Statistical analysis
We used the Mann–Whitney test to compare the differences in the digit span test between the early-blind and sighted subjects because the data did not follow a normal distribution based on the Kolmogorov–Smirnov test. Two-way repeated–measure analysis of variance (RM-ANOVA) was used to analyze the effects of group and SNRs on monosyllable recognition, as well as on the N2 and P3b components. The same method was used to examine the effects of group and type of noise on sentence recognition. We also used three-way RM-ANOVA to investigate the effect of group, number of channels, and envelope cutoff frequency. All statistical analyses were performed using the IBM SPSS software (ver. 25.0; IBM).
Results
Behavioral tests
Digit span test
The digit span test measures attention and working memory through forward and backward recall of digit sequences (Banken, 1985; Choi et al., 2014). In the forward test, early-blind subjects exhibited an average score of 14.7 ± 1.73 points, whereas sighted subjects scored an average of 10.6 ± 1.9 points. There was a statistically significant difference in the test accuracy between the two groups (z = −5.091; p < 0.001; Mann–Whitney test). The backward test revealed a score of 11.1 3.44 for early-blind participants and 8.3 ± 2.8 for their sighted subjects. There was a statistically significant difference in accuracy between the groups (z = −2.862; p = 0.004; Mann-Whitney test; Fig. 4). Notably, the early-blind subjects exhibited superior working memory to the sighted subjects.

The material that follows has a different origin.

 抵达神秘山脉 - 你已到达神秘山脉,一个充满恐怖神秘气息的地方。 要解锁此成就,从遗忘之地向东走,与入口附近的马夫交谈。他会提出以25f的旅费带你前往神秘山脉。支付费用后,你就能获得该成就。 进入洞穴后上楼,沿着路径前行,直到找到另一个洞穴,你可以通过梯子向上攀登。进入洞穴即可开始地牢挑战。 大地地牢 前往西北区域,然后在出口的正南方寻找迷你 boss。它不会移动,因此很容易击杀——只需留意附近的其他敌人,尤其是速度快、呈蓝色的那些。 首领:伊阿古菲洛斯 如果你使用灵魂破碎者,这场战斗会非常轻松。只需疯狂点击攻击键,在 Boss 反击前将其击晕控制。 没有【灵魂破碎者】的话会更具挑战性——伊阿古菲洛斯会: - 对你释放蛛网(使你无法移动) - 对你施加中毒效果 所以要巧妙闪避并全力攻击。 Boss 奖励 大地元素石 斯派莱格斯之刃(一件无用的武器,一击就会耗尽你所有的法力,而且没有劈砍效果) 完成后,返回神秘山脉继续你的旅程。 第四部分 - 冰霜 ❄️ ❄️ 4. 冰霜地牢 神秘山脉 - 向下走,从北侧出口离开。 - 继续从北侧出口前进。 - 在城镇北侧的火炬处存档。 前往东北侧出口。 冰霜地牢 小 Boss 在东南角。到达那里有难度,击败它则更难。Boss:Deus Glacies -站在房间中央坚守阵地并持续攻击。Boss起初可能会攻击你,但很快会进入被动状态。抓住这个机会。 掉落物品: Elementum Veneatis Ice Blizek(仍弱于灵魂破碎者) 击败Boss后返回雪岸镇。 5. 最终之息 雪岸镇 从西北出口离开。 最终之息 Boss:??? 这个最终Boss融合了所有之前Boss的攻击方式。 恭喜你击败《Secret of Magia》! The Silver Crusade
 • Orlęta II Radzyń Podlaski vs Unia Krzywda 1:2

Monosyllabic word-in-noise and sentence-in-noise recognition
To minimize redundant cues in speech recognition, we employed monosyllabic word recognition. Additionally, sentence-in-noise recognition was measured to reflect real-life conversational scenarios. The mixed two-way RM-ANOVA (two groups × five SNRs) for word-in-noise showed a significant main effect of group with the blind group performing better (F(1, 48) = 46.511; p < 0.001) and for SNR (F(4, 192) = 456.520; p < 0.001), without significant interaction between the two variables (F(4, 192) = 1.927; p = 0.108; Table 2). In all SNRs, early-blind subjects showed superior word recognition compared with sighted subjects (−18 SNR, p < 0.001; −16 SNR, p < 0.001; −12 SNR, p < 0.001; −8 SNR, p = 0.004; −4 SNR, p = 0.002; Bonferroni-corrected p < 0.05; Fig. 5).

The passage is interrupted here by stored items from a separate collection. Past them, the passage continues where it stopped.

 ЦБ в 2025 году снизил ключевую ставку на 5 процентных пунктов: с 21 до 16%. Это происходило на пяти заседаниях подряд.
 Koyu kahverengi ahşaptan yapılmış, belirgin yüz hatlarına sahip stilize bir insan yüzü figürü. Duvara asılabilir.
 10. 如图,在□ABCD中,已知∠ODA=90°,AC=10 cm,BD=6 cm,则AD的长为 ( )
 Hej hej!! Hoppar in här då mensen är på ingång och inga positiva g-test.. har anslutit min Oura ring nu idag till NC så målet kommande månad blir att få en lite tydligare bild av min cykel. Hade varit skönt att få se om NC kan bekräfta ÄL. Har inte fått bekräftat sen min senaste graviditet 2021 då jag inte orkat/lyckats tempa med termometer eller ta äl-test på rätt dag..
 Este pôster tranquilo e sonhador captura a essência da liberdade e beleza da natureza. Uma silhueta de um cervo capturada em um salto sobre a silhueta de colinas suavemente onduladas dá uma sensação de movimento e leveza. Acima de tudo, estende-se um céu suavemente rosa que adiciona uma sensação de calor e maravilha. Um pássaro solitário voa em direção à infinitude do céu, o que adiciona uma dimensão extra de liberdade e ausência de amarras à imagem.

The mixed two-way RM-ANOVA (two groups × two types of noise) for sentence recognition showed a significant main effect of group with the blind group performing better (F(1, 48) = 16.627; p < 0.001) and noise type (F(1, 48) = 2,298.198; p < 0.001), and there was a significant interaction between the two factors (F(1, 48) = 7.349; p = 0.009; Table 2). In the post hoc tests, the early-blind group showed better recognition than the sighted group for both SSN and ISTS (p = 0.002 and p < 0.001, respectively; Bonferroni-corrected p < 0.05; Fig. 6). The results indicate that early-blind subjects have better speech recognition in noise and a greater ability to separate speech from noise.⇓
Vocoded speech recognition
Speech recognition was measured when both spectral and temporal information were degraded. The mixed three-way RM-ANOVA (two groups × four numbers of channels × two envelope cutoff frequencies) showed significant main effects of group (F(1, 48) = 20.604; p < 0.001), number of channels (F(3, 144) = 873.452; p < 0.001), and envelope cutoff frequency (F(1, 48) = 256.051; p < 0.001). A significant three-way interaction was detected (F(3, 144) = 2.628; p = 0.053). Group interacted with channels (F(3, 144) = 4.184; p = 0.007) but not with the envelope cutoff frequency (F(1, 48) = 3.815; p = 0.057; Table 3). In the post hoc tests, the early-blind subjects showed better noise-vocoded speech recognition than the sighted subjects across all channels with a 50 Hz envelope cutoff frequency (4 channels, p = 0.037; 8 channels, p < 0.001; 16 channels, p < 0.001; and 32 channels, p < 0.001; Bonferroni-corrected p < 0.05), except for the 32-channel test with a 500 Hz cutoff frequency (4 channels, p = 0.002; 8 channels, p < 0.001; 16 channels, p < 0.001; and 32 channels, p < 0.076; Bonferroni-corrected p < 0.05) (Fig. 7). The results indicate that early-blind subjects showed superior recognition compared with sighted subjects even under conditions of degraded auditory spectral and temporal resolution. Early-blind subjects demonstrated increased sensitivity to spectral degradation for speech recognition, as evidenced by the significant interaction between group and channel. However, there was no group difference in the impact of the temporal envelope.
EEG
It measures N2 and P3b. N2 reflects cortical responses related to the lexical selection process, involving cortical access to lexical information and semantic categorization (Finke et al., 2016). The P3b component is also associated with updating working memory, and prolonged latency may be interpreted as a slower stimulus evaluation (Beynon et al., 2005; Henkin et al., 2015).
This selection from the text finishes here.